Recognizing the difference is the first step, because they call for different responses.
A chaotic situation calls for patience or resilience in the moment. But systemic chaos calls for a systemic response—for example, proposing policy changes, coming up with agreements about how we protect one another, or placing a call to the building manager. Or, if the system or relationship is too resistant to reform, it could mean leaving.
So how do you tell whether the chaos you’re facing is situational, systemic but reformable, or systemic and unreformable?
My Experience in OTO
For most of my time in OTO, I wrestled with the question: is this chaos situational, or is it systemic?
When a sexual predator caused turmoil in the local body, it looked like a situational problem: one person’s misconduct. But when leadership mishandled it for years—overturning punishments through personal connections—it became clear there was a structural issue.
As local body master, I tried to create systemic solutions: structures that would minimize drama, clarify our purpose, and protect aliveness. But those efforts were consistently undermined from above. That’s when I realized the deeper problem wasn’t a lack of solutions—it was that the system rewarded dysfunction and protected those who caused it.
The final clarity came when the U.S. National Grand Master responded to my resignation not with reflection or dialogue, but with calculated defamation. At that moment, I understood: the chaos wasn’t anomalous. It was the operating mode of the organization. And if that’s the case, reform becomes futile.

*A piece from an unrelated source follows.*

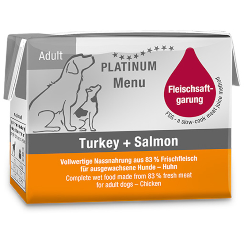 Paštika Platinum Menu Adult Turkey + Salmon obsahuje 83 % čerstvého masa z krůty a lososa. Díky jedinečné metodě přípravy Fleischsaftgarung si maso uchová plnou chuť, vůni a všechny důležité živiny. Přísady se pomalu vaří za nízkých teplot uzavřené v obalu Tetra Recart. Všechna šťáva tak zůstane uvnitř, včetně vitamínů a minerálů. Receptura s vyváženým složením vyhovuje i psům s citlivým zažíváním.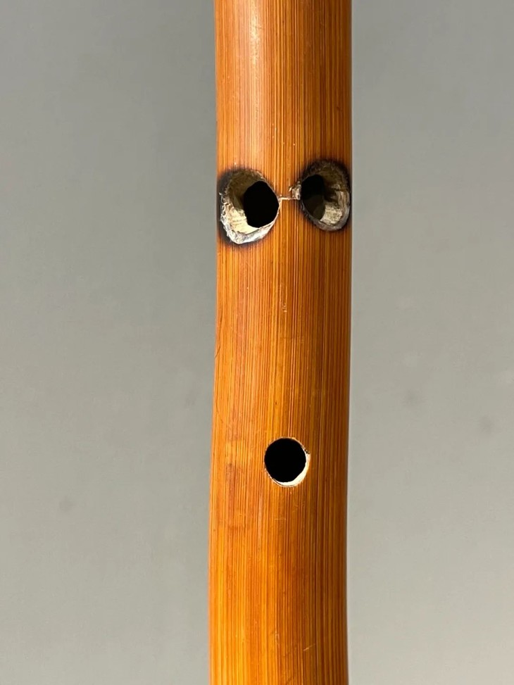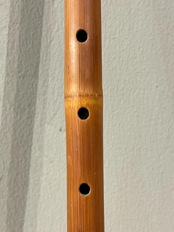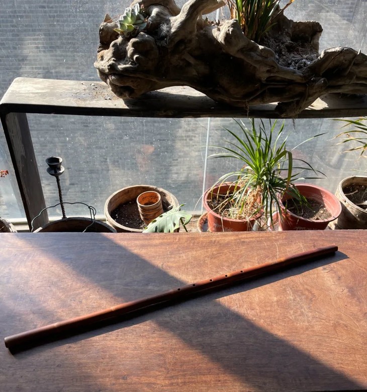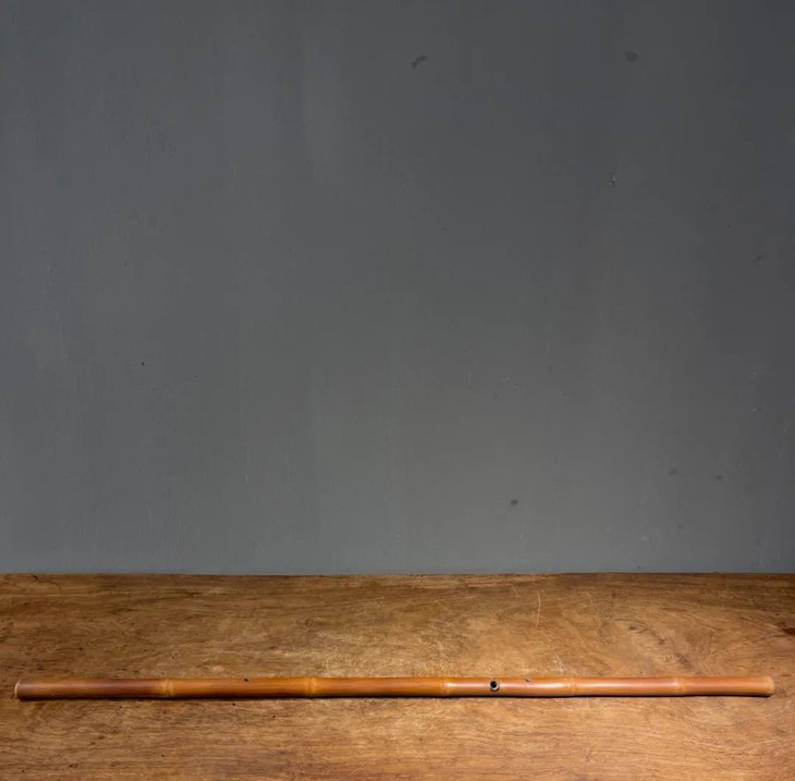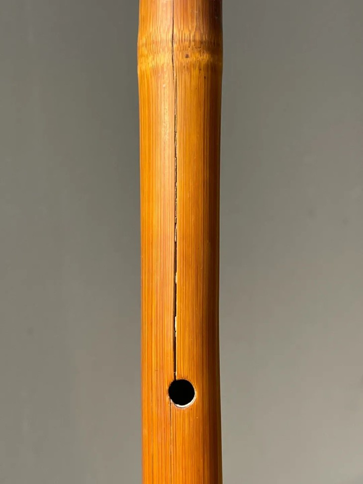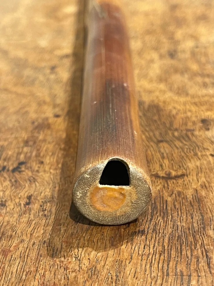 此刻花鸟书法竹制长洞箫,如图所示稍有尾端龟裂痕与细微磨损以外,保存完好无损,表面包浆皮壳温润细腻。此洞箫年代久远,是民国或更早之器。

How to Tell the Difference
Looking back, I wish I’d had a clearer way to test whether chaos was situational, systemic but reformable, or systemic and unreformable. Here are the questions I’ve found most useful:
- Frequency: Does it keep coming back?
- Predictability: Can you see the next disruption coming?
- Intervention: When you try to fix it, does the system adapt—or push back?
- Incentives: Who benefits from the chaos continuing?
- Reciprocity: Are you always bending while others give nothing back?
If the chaos is situational, patience and adaptation often solve it. If the chaos is systemic but the system is responsive, it’s worth proposing systemic reforms.
But if the system resists change, punishes reformers, or rewards dysfunction, then you’ve reached the limit of adaptation. That’s when the hard truth emerges: sometimes the only structural solution is leaving.
The Cost of Staying
One of the most important lessons I’ve learned is to pay attention to how you feel on a regular basis. Systemic chaos drains your energy—and over time, your creativity, health, and sense of self.
The danger is you may never have certainty. You’ll always think: maybe if I just try harder. That’s why the toll you feel—emotionally, physically, spiritually—becomes such an important signal.
And if you do decide to leave, expect resistance. You’ll probably be told you didn’t try hard enough. I’ve been accused of this in personal relationships, and I’ve been accused of it repeatedly since leaving OTO—even after eleven years of effort.
It hurts—especially when you know how hard you tried. But the truth is, people in a system like that can’t validate your clarity. That’s why you’re leaving.
The Real Question
Not all chaos is equal. The critical skill is distinguishing between noise you can metabolize and noise that will always drown you.
Sometimes systemic chaos makes you a reformer. Other times, it reveals the futility of reform—and that the most radical act of resilience is refusing to adapt, and choosing to leave.